To address the limited generalization capability of vision-language models (e.g., CLIP) in cross-domain few-shot image recognition, this paper proposes Consistency-guided Multi-view Collaborative Optimization (CoMuCo). CoMuCo employs a dual-expert architecture to extract complementary vision-language view features and integrates prior-knowledge constraints with an information-geometric consensus mechanism to enforce inter-view consistency regularization. We introduce the first benchmark specifically designed for cross-domain few-shot learning and propose a differentiable collaborative optimization framework. Experiments demonstrate that CoMuCo significantly outperforms state-of-the-art methods across multiple cross-domain few-shot benchmarks, achieving substantial improvements in robustness and generalization under domain shift.
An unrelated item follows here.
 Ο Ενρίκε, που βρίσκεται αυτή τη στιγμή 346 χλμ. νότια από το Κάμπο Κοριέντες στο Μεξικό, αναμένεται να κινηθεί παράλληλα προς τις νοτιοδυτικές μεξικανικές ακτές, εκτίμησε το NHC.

These results validate the effectiveness of multi-view collaboration and geometric consistency modeling for cross-domain few-shot recognition.
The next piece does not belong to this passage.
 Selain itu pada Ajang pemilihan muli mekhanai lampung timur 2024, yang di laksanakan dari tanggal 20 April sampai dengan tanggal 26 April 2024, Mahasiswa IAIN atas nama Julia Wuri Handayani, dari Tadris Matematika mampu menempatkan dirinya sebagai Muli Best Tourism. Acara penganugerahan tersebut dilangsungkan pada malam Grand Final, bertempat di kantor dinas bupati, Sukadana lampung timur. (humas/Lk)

Vision-language models (VLMs) pre-trained on natural image and language data, such as CLIP, have exhibited significant potential in few-shot image recognition tasks, leading to development of various efficient transfer learning methods. These methods exploit inherent pre-learned knowledge in VLMs and have achieved strong performance on standard image datasets. However, their effectiveness is often limited when confronted with cross-domain tasks where imaging domains differ from natural images. To address this limitation, we propose Consistency-guided Multi-view Collaborative Optimization (CoMuCo), a novel fine-tuning strategy for VLMs. This strategy employs two functionally complementary expert modules to extract multi-view features, while incorporating prior knowledge-based consistency constraints and information geometry-based consensus mechanisms to enhance the robustness of feature learning. Additionally, a new cross-domain few-shot benchmark is established to help comprehensively evaluate methods on imaging domains distinct from natural images. Extensive empirical evaluations on both existing and newly proposed benchmarks suggest CoMuCo consistently outperforms current methods in few-shot tasks. The code and benchmark will be released.